Well, I've already done a Type1 parser for Gill and gnome-print, but
it's intended for antialiased display. The problem is that Type1 is
just not very well suited for low-resolution bilevel displays. The one
in XFree86 (actually X11R6) does a pretty good job, all things
considered.
My feeling is that as resolutions increase, the "sweet spot" is going
to be truly high quality antialiased rendering. At 140 dpi and over,
the resolution is good enough that antialiased fonts no longer look
soft or fuzzy compared with their pixelly cousins. And of course the
computer power to produce these antialiased displays is increasing at
least as fast as the resolution. So that's the long-term goal, and in
the meantime what X11R6 has now is good enough.
- do you think that the SVG vector format is going to succeed as a web vector
format ?, what flaws do you see in it?
It is way too early to tell whether SVG is going to get a large market
share for web content. For one, I don't see evidence of serious
implementation work being done by the browser people. Microsoft I just
don't know about, but Mozilla doesn't have an SVG story right now. The
only real SVG implementation that I know about on the proprietary side
is Adobe's.
That said, SVG kicks ass. Its imaging model is way more powerful than
PostScript's, and having it based on XML is just the Right Thing. One
of the things I've noticed is that it's really easy to convert into
SVG - I'm already seeing a lot of converters for "legacy" formats into
SVG. So I think once good SVG implementations are out there, that's
going to be the path a lot of graphics take.
The biggest flaw in SVG is its complexity. The SVG draft standard
itself is not so bad, but it imports a huge amount of other stuff by
reference, including DOM and CSS2 among other things. These are
complex and in some ways broken standards.
- have you actually received much feedback for the canvas and
related products in the way of patches for added features from
other contributers ?
Yeah. For example, Lauris Kaplinski (author of Sodipodi) sent me the
original version of the Bezier path item that's in Gill. I'm also
getting code from Tim Janik, who's working on a libart-based sprite
widget that's going to be nice for games.

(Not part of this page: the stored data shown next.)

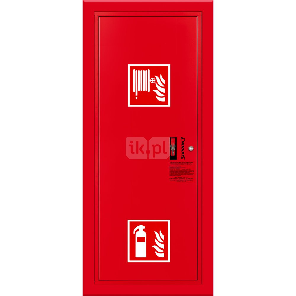 - szafka hydrantowa OCYNKOWANA wykonana z blachy stalowej ocynkowanej elektrolitycznie malowanej farbą proszkową poliestrową fasadową typu Facade w kolorze czerwonym (RAL 3000) lub białym (RAL 9003), drzwi pełne; dzięki zastosowaniu zawiasu krytego drzwi szafki można otworzyć o 180°
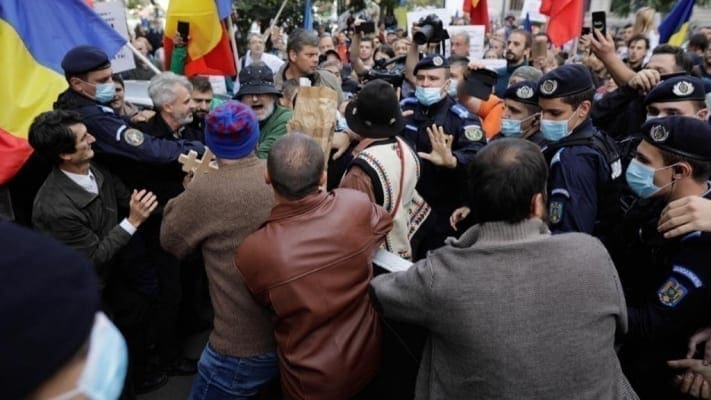 Proteste de amploare în Piaţa Universităţii, în ziua cu infectări-record! Bătăi şi îmbrânceli între jandarmi şi manifestanţi VIDEO
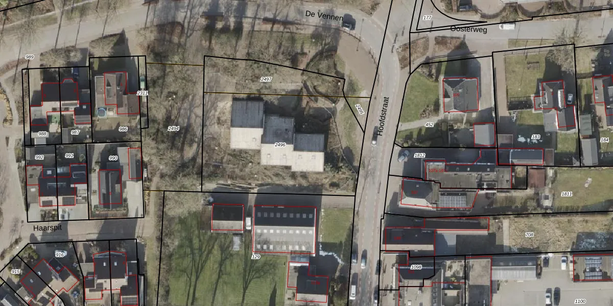 Het perceel waarop Hoofdstraat 110-21 staat heeft een oppervlakte van 1635 m². Dit is een zeer groot perceel. De perceeloppervlakte wordt geregistreerd door het Kadaster. Gedetailleerde informatie over de maten van dit perceel kunt u vinden in het rapport Kadastrale kaart met maatvoering van Hoofdstraat 110-21.
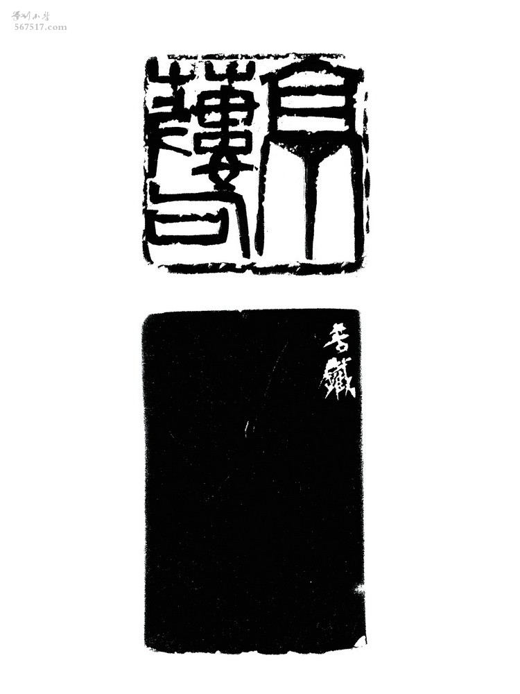 技法上,这方印章尽显吴昌硕的艺术精髓。其边框线采用双重交会结构,粗细与残损差异化处理,左厚右细、上虚下实,与印文笔画形成巧妙呼应。吴昌硕独创的“钝刀硬入”技法在此印中发挥到极致,厚重饱满的线条自带“屋漏痕”般的金石韵味,将“力、势、气”完美融合。章法上左、右、上三边逼边,下部留空,形成“密不透风”与“疏可走马”的强烈对比,“亭”字独行挺立,竖画贯气如虹,尽显雄浑气势。
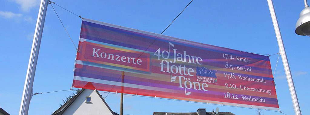 Das Signet des Musikvereins nennen die Lantershofener die Blechlawine. Einmal in Bewegung nehmen sie alle Zuhöhrer mit und unterhalten mit Blasmusik auf Festen und zwei mal in Konzerten im Jahr. Das alles wird gestalterisch begleitet.
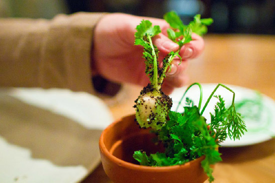 第十道,萝卜盆栽,需要把萝卜从麦芽制成的土壤中拔出,然后站在特制的酱中食用。

- what other interests do you have?
Reading (science fiction and nonfiction primarily), photography,
drawing, yoga, sex, Quakerism, and raising a 3-year-old kid.
Obviously, getting time for my thesis, my free software work, and all
these other interests can be a challenge.
- would you consider yourself to be suffering from Aspergers Syndrome,
and if so do you see this as something that you should seek therapy for ?
No, I'm definitely not medically diagnosable with Asperger's.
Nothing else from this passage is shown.